How have you liked it? I started using mine upside down to form an 'awning' rather than a landing board. Works great for snow and gives a good place for bearding. http://parkerfarms.biz/equipment.html#The_Parker_Shim


----------



## mgolden (Oct 26, 2011)

Has anyone tried placing a full width entrance above the two deep broods? And say bee space between the frames is maintained by using a deep super shortened. Another way would be to place a 3/8 round piece of plywood on top of frames(queen excluder of sorts) of top brood frames that fits inside of entrance shim?


----------



## scokat (Apr 19, 2011)

This is the upper entrance I use, it is the same dimension as a super/hive body, except it is short, 1/2 or so. I made new ones that are right around half inch. I have not had any of the hives try to fill in under the lid, but when i open the lid there is always a big cluster of bees sitting there. The hives with the top entrance(5) out produced the bottom entrance hives(5) in honey produced, so all my hive will have top entrances this year. But i am going to try/experiment with several top entrances like shown on M. Bush's site.(shims)


----------



## Solomon Parker (Dec 21, 2002)

That looks like a thicker version of the Imrie Shim.


----------



## MrHappy (Feb 10, 2012)

That looks great. I was looking for an easy to build little addon that they could land on and go in. Like others have said, if the hive gets 5-6 boxes tall then they have to crawl through all that and time is honey. 

Thanks


----------



## carlinmo (Jun 6, 2010)

Folks, 

Thanks for the comments. I put the back support on so that I can reduce the shims to 3/8". It is hard to fasten the intersection of pieces of wood that thin. 
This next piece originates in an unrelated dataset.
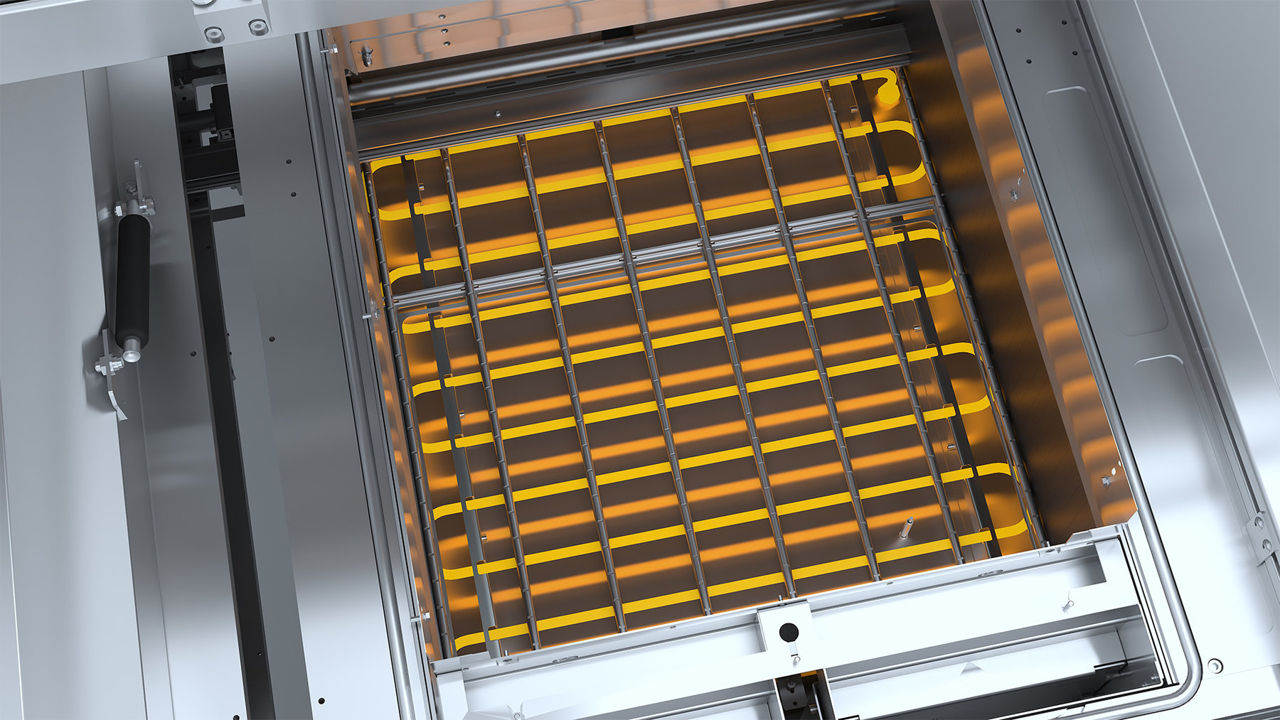 Modulbezogene LED-Streifen direkt an den jeweiligen Maschinenmodulen dienen als visuelle Statusanzeige. Sie ermöglichen es dem Bedienpersonal, auf einen Blick den aktuellen Betriebszustand zu erkennen. Dadurch können manuelle Eingriffe gezielt und schneller erfolgen, ohne dass der Bediener zunächst an der HMI nachsehen muss. Dies erhöht die Effizienz bei Rüst- und Wartungsvorgängen und reduziert Stillstandszeiten.

My observation is that given a choice the bees will use an upper entrance more than a bottom entrance. I also noticed a lot less bearding during the heat of the summer. My hives have screened bottom boards with a bottom entrance that is restricted by an entrance reducer to 3/8” x 2”. I built these upper entrance frames with a 3/8” shim in consideration of bee space and also to keep mice out of the hive. The bees do occasionally bridge between the hive bodies and supers but not to the extent that they are hard to separate. 

Also, I don’t think the bees need more than a 3/8” deep opening across the front the hive. The year before I installed these entrances I could not entice the bees to fill out the supers. With upper entrances in place I took 60 quarts of honey off of 4 hives during a drought year – not the best but at least something. 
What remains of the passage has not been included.